Green IT means business improvement
Firms that rank highest among the “Global 100 Most Sustainable Corporations in the World,” such as Amazon, Toyota, and Nike, have realised that focusing on limiting energy calories in the data centre and elsewhere pays profitability dividends on the financial side. IDC research indicates that companies reducing their metric tons of carbon per data centre workload by a factor of 55% also incurred 35% less cost per user session on a server.
What’s changing the game?
A number of phenomena are coming together now to heighten the focus on energy savings in the data centre. IDC research has shown that:
Server energy demand doubled from 2000 to 2005.
Power used by servers, cooling, and ancillary infrastructure in 2005 accounted for about 1.2% of the United States’ electrical usage.
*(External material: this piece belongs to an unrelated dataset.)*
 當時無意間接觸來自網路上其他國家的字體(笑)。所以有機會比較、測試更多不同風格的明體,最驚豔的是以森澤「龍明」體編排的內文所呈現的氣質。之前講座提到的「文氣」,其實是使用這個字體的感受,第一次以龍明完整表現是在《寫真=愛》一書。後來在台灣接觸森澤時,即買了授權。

Servers, cooling, and ancillary infrastructure used the equivalent in capacity terms of about five 1,000MW power plants.
Despite feeling concern over energy use and environmental impact, IT managers in these times must prioritise on reducing operational expense and managing the escalating costs of infrastructure and IT staff. Cost reduction and better protection from the risks posed by downtime take precedence over environmental motives.
But the evidence from IDC’s Business Value research indicates that efforts to reduce energy use do help companies save money and improve IT service levels. Data centre energy efficiency improvements such as consolidation through virtualisation have delivered strong value for businesses, helping them not only reduce energy use but also reduce server costs per user by almost 40%. In addition to allowing firms to decrease the number of servers they need by over 50% — providing attractive “consolidation” savings — virtualisation as a green solution reduces energy consumption and GHG emissions and also provides companies with the means to avoid application shutdowns when and if servers fail, reducing server outage hours per year by over 35%.
Blade systems are a key server consolidation and infrastructure management technology whose deployment can deliver the needed increase in performance while giving data centre managers new ways to cut power consumption and costs.
The latest server technologies from leading vendors such as HP are delivering industry-firsts in automated power management, with pay-back in as little as 30 days.
Next-generation storage solutions provide tools that allow users to estimate power consumption before constructing a configuration, and then monitor actual power consumption after the configuration is built.